- [Task objective]: All pictures must be dropped, while the entries are given again word for word.
Exercise inputs: Begin
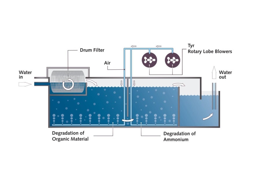 持久的氧气供应对于微生物的生长至关重要。RAS 设施使用了 Busch 普旭的 TYR 罗茨风机, 其中两台鼓风机(图 3)分别直接安装在两个细菌过滤器上。两台鼓风机交替运行,因此风机始终处于运行状态,这确保了向细菌过滤器中持续供应压缩空气,压缩空气则从底部进入水池。 除了提供富氧之外,压缩空气还能使水和浮标在水中上升时不断运动。
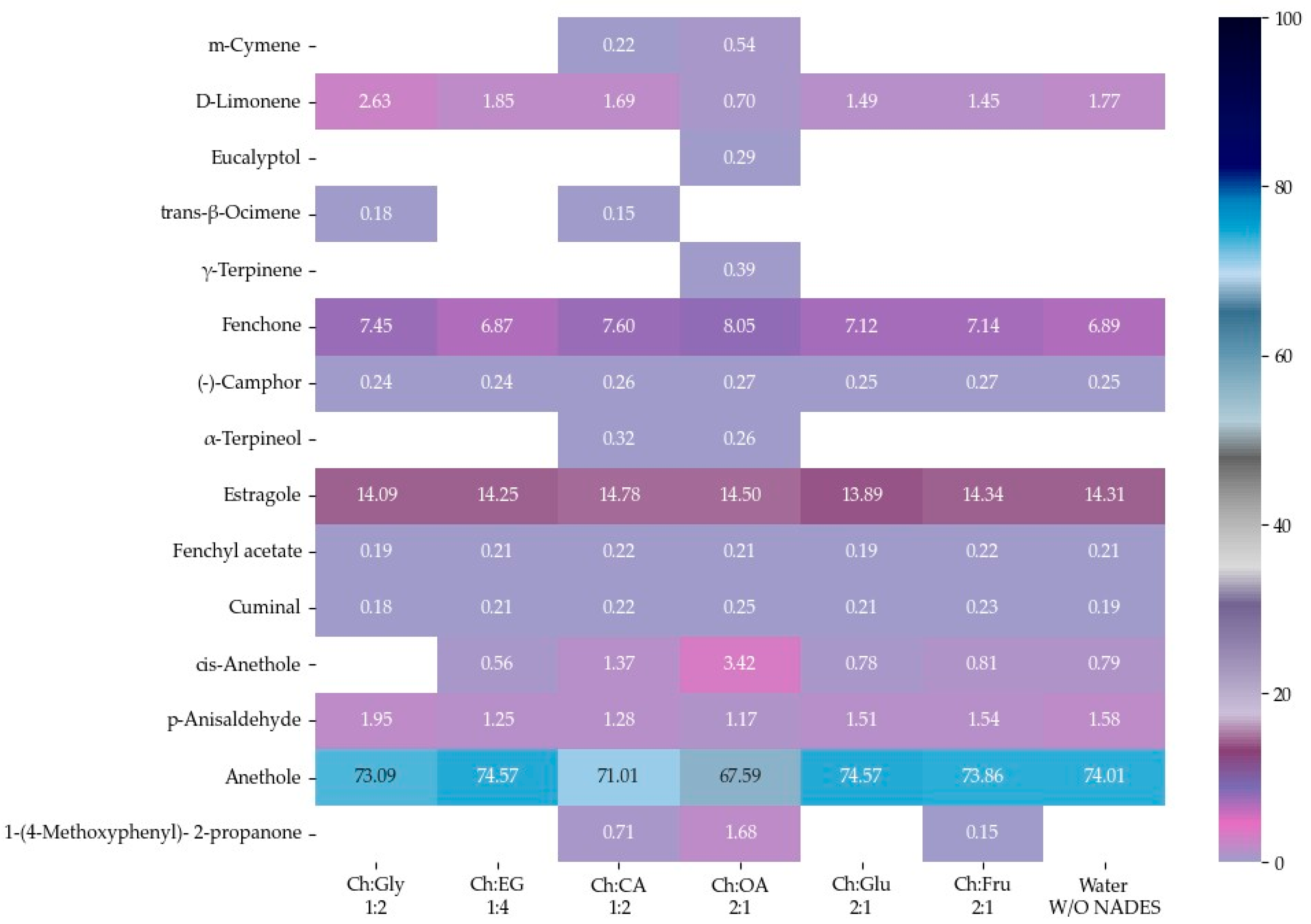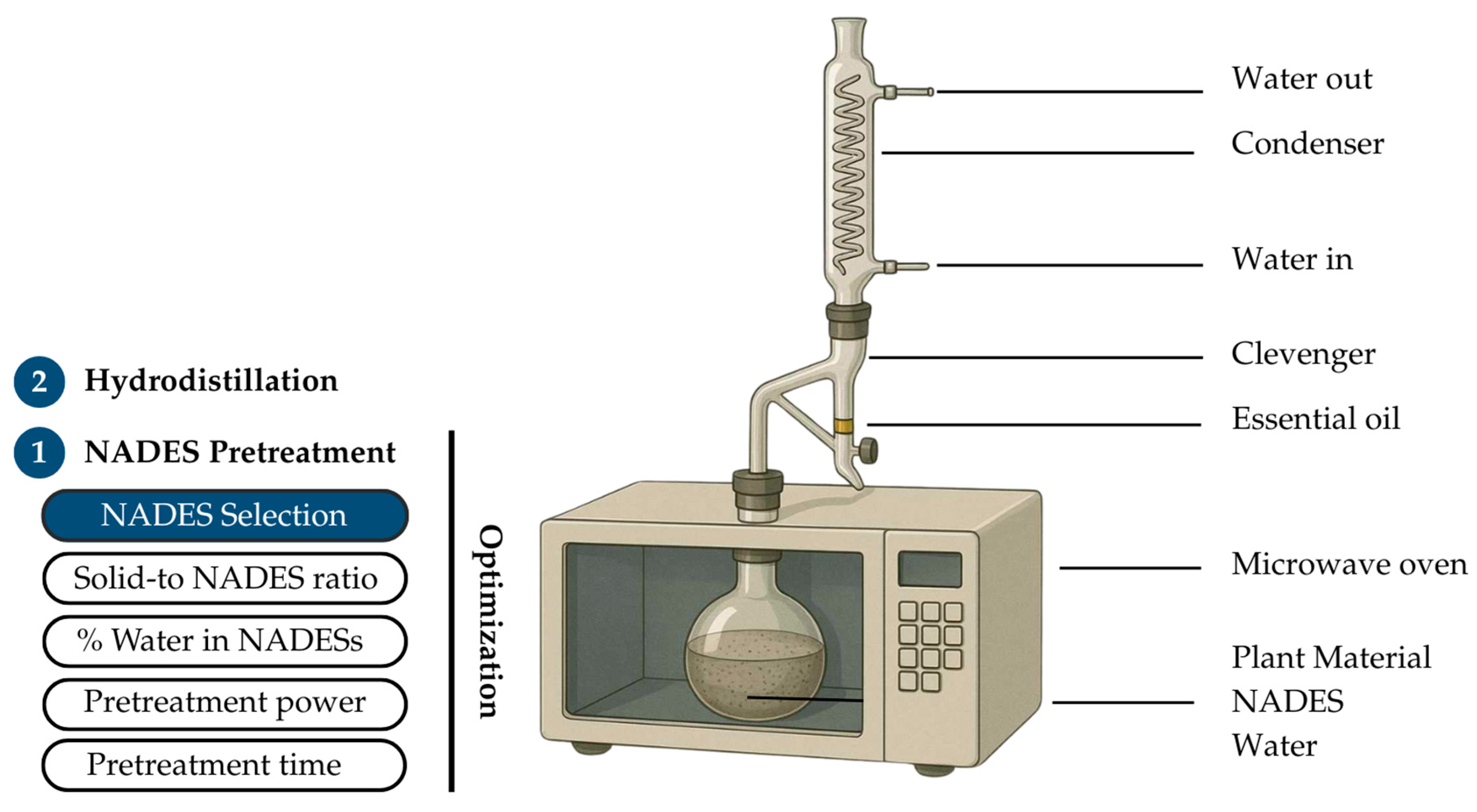 - Acosta-Vega, L.; Cifuentes, A.; Ibáñez, E.; Galeano Garcia, P. Exploring natural deep eutectic solvents (NADES) for enhanced essential oil extraction: Current insights and applications. Molecules 2025, 30, 284. [Google Scholar] [CrossRef] [PubMed]
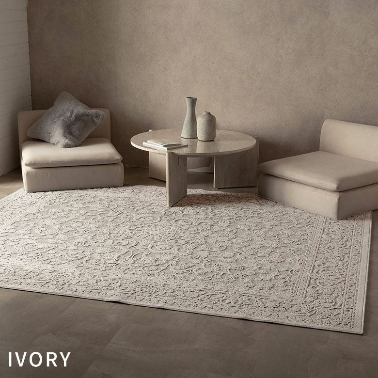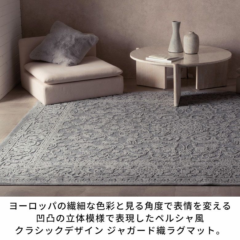 モノトーンやシンプルモダンなインテリアに敷くだけで、ジャガード織ラグならではの立体的な凹凸模様が上質な華やかさをプラス。
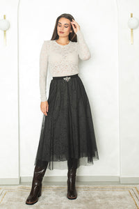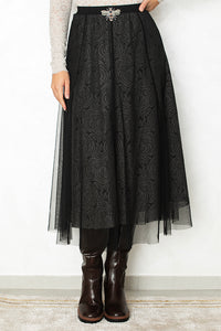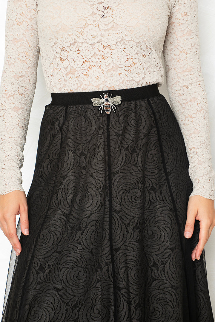 Črno midi krilo narejeno iz treh plasti, daje prefinjen izgled in neverjetno udobje pri nošenju. Spodnja plast je kakovosten črn saten, ki ima funkcijo podloge. Druga plast je elegantna temno siva čipka z izvezenimi vrtnicami, zgornja plast pa je lahkoten črn til.
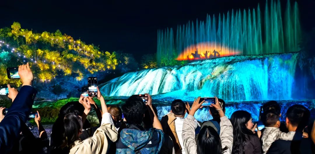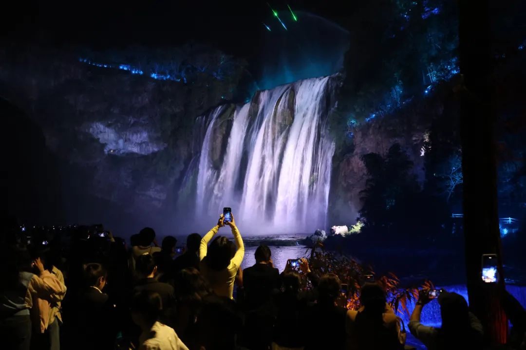 夜晚来临,黄果树瀑布褪去白天的喧嚣,展露出别样迷人的风姿。在黄果树景区,大型实景仙幻剧《敢问路在何方》精彩上演,光与影交织的视觉盛宴,搭配扣人心弦的剧情演绎,为与会嘉宾们开启一场夜游黄果树的奇妙光影之旅,现场掌声、欢呼声此起彼伏,连绵不绝。
Exercise inputs: End
- [Your solution]:
 持久的氧气供应对于微生物的生长至关重要。RAS 设施使用了 Busch 普旭的 TYR 罗茨风机, 其中两台鼓风机(图 3)分别直接安装在两个细菌过滤器上。两台鼓风机交替运行,因此风机始终处于运行状态,这确保了向细菌过滤器中持续供应压缩空气,压缩空气则从底部进入水池。 除了提供富氧之外,压缩空气还能使水和浮标在水中上升时不断运动。
 - Acosta-Vega, L.; Cifuentes, A.; Ibáñez, E.; Galeano Garcia, P. Exploring natural deep eutectic solvents (NADES) for enhanced essential oil extraction: Current insights and applications. Molecules 2025, 30, 284. [Google Scholar] [CrossRef] [PubMed]
 モノトーンやシンプルモダンなインテリアに敷くだけで、ジャガード織ラグならではの立体的な凹凸模様が上質な華やかさをプラス。
 Črno midi krilo narejeno iz treh plasti, daje prefinjen izgled in neverjetno udobje pri nošenju. Spodnja plast je kakovosten črn saten, ki ima funkcijo podloge. Druga plast je elegantna temno siva čipka z izvezenimi vrtnicami, zgornja plast pa je lahkoten črn til.
 夜晚来临,黄果树瀑布褪去白天的喧嚣,展露出别样迷人的风姿。在黄果树景区,大型实景仙幻剧《敢问路在何方》精彩上演,光与影交织的视觉盛宴,搭配扣人心弦的剧情演绎,为与会嘉宾们开启一场夜游黄果树的奇妙光影之旅,现场掌声、欢呼声此起彼伏,连绵不绝。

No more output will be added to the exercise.